Has anyone had to get a feeding tube after treat ended?

My husband will finish his treatments on Monday.  He was doing pretty good all things considered with eating until this week.  The last Cisplatin has kicked his butt and he's having trouble keeping Boost down. He's starting to panic about the possibility of needing a feeding tube. He was able to eat some chicken noodle soup last night so I'm hopeful.

Comments

  • MarineE5
    MarineE5 Member Posts: 1,034 Member
    Just a thought

    mskitty, 

    I am glad to read that your husband will complete his treatments on Monday. You probably know this already but it is worth mentioning again. Your husband will "Cook" for a spell as he feels the full effect of all the treatments. You mentioned he is unable to keep Boost down. One thing I found was to make sure anything I took in orally or by my PEG tube was at room temperature. I had my PEG Tube from the start as I had Base of Tongue cancer, and removal of part of my tongue. I was unable to eat orally for some time. 

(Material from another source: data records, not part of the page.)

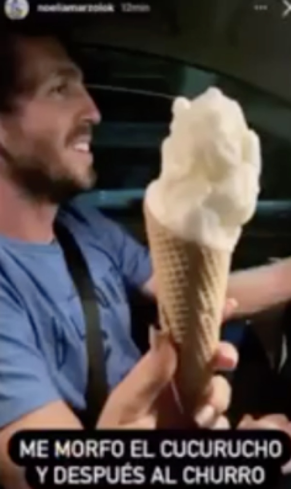 "Chicos, ahí está Rami cumpliendo mi antojo de helado cuando la heladería ya cerró y rogándole a la chica que le venda un cuarto", escribió ella. Y dijo que al final, el joven volvió al auto con un cucurucho.
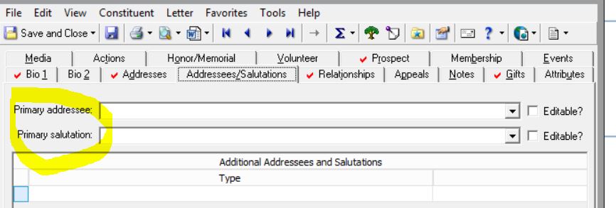 Under Primary name formats, you can view the individual's preferred addressee and salutation to use most of the time.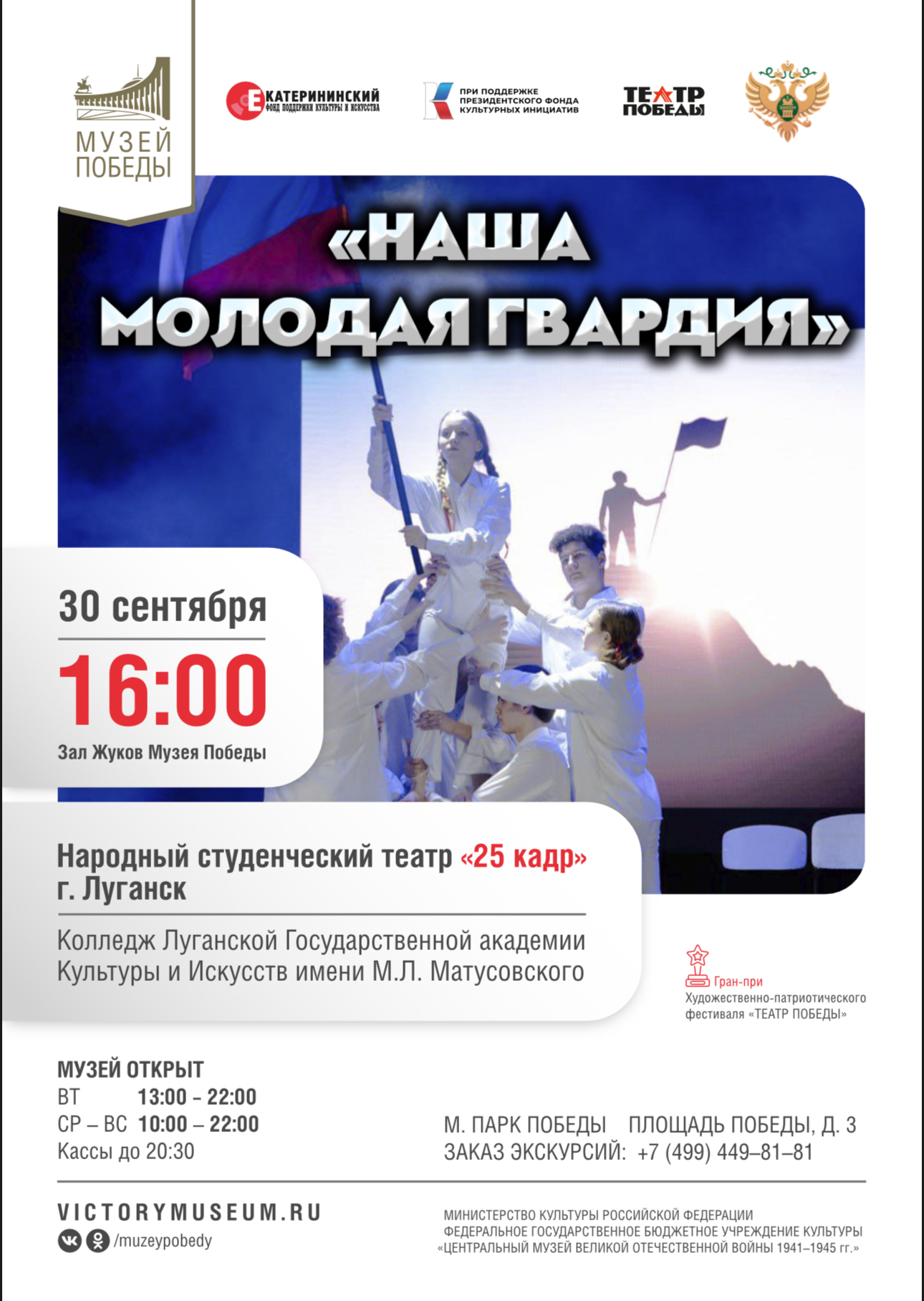 30 сентября в 16.00 в зале Жуков Музея Победы состоится торжественное открытие фестиваля патриотических постановок "Театр Победы", и стартует фестиваль с показа спектакля "Наша молодая гвардия" народного студенческого театра "25 кадр" г. Луганска. В спектакле принимают участие студенты колледжа Луганской государственной академии культуры и искусств имени М. Л. Матусовского. Режиссер-постановщик: Ольга Курилова.

    I have read on this site some members getting a PEG tube shortly after they completed their treatments, we have to do what needs to be done to get our calories and nutrition in. Hopefully, he will be able to start eating some soft boiled eggs, soups, etc. Again, try to let food and fluids settle to room temperature for a spell.

    My Best to Both of You and Everyone Here 

  • phrannie51
    phrannie51 Member Posts: 4,716
    Yes....

    I think it was "T" (fishmanpa in this group) who got his feeding tube the day his treatment ended.  Getting a tube won't help keep things down, tho....it simply bypasses the tore up mouth and throat.  See what the Oncologist can come up with to help with the nausea....something stronger than what he's already got.

    p   

  • mskitty137
    mskitty137 Member Posts: 73
    edited April 2017 #4
    Yes, he's been on room

    Yes, he's been on room temperature foods and drinks for quite awhile. But, of course, everything still burns/hurts going down. He uses a tetracaine lollipop and then eats or drinks some.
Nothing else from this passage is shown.